In general, Windows hacks should apply to both platforms. For example, you also should not be able to pop beyond a Windows drive letter root, but URL still lets you (at least on macOS):


(No, I don't know why it keeps those .. components around, either*).

image
(Live URL Viewer)


* in fact, your browser and any servers or other applications will likely condense file:///../.. in to file:///, further warping the understanding of which resource you're actually trying to point to. Let's hope this doesn't result in reading sensitive configuration files or destroyed user-data! :crossed_fingers::four_leaf_clover:

image
(Live URL Viewer)

2 Likes

Sorry, I should have been clearer. Precisely this - when given the fileURL, it will normalize the input into the URL form. However, all non-FSR return values should be URL-form, and conversion to FSR is should give you the path to pass to the system.

3 Likes

Can you use the UTF-8 code page with Swift for Windows? Can it be set in the Swift runtime with _setmbcp(_MB_CP_UTF8), and/or enforced with a GetACP() == CP_UTF8 precondition?

Foundation for Windows uses UTF-8 in APIs such as CFStringFileSystemEncoding() and NSURL.init(fileURLWithFileSystemRepresentation:isDirectory:relativeTo:).

An open-source System.FilePath might also be useful.

Yes and no. Your input can be UTF-8, but you cannot use UTF-8 for the file system. Everything must be UTF-16. Foundation silently takes care of the conversation for you.

Foundation will do what it needs to do internally to make its API work, including converting paths to other encodings, but you should never have to.

As @compnerd noted: you can pass a string you receive from the user to URL(fileURLWithPath:) to turn it into a URL, and on Windows that can be a string that is a valid Windows path when typed.
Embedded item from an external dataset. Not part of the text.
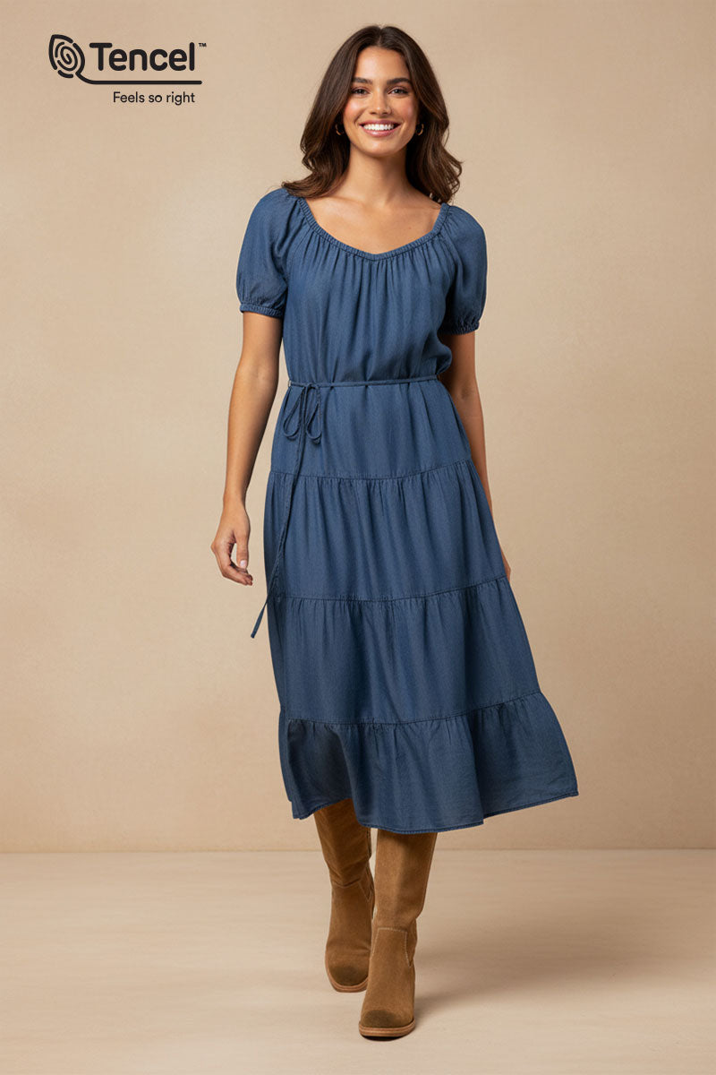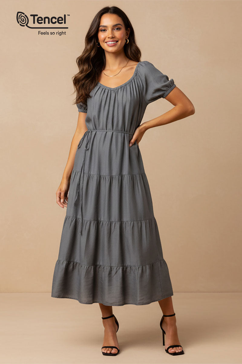 - Soft Tencel™ fabric with a tiered design for added flow.

If you need to pass it to Win32/WinRT API, you can use .fileSystemRepresentation, which on Windows is defined to be the UCS-2 encoding expected by the SomethingSomethingW family of functions.
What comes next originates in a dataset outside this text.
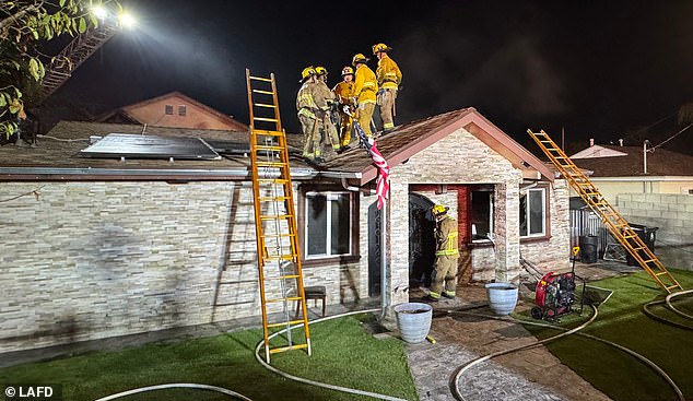 ‘With reports of additional occupants possibly trapped inside, firefighters initiated an interior fire attack while conducting a primary search,’ LAFD spokesperson Margaret Stewart said.

Swift System has abstractions for concepts shared by OSes, but for the more abstract concept of 'this is a location on disk where a file or folder can be read or written' in the core libraries, the currency type Foundation-and-higher levels use is effectively Foundation.URL when the scheme is file, just like on Darwin.

Public APIs taking/returning a fileSystemRepresentation: UnsafePointer<Int8> all seem to be using UTF-8 on Windows. Users of these APIs would need to convert to/from the ANSI code page, unless the UTF-8 code page will be a requirement.

There are also some internal APIs, taking/returning a wideFileSystemRepresentation: UnsafePointer<UInt16>, are these experimental?

Yes, this was the key piece of information that made sense out of everything for me. I hadn’t realized the initializer accepted either separator, and thought I needed to manually normalize them to whichever it expected. But everything appears to be working as intended, the design is sound, and nothing seems to be missing.

Just for final clarification about the platform differences, both of these are supposed to hold, right?:

// On Windows:
let url = URL(fileURLWithPath: #"C:\some\path"#)
assert(url.lastPathComponent == "path") // Were treated as separators.
// On UNIX:
let url = URL(fileURLWithPath: #"/some/path/with/a/\/in/it"#)
assert(url.pathComponents.reversed()[2] == #"\"#) // Wasn’t a separator.

I think that is supposed to be correct. If it doesn't hold, please file a bug.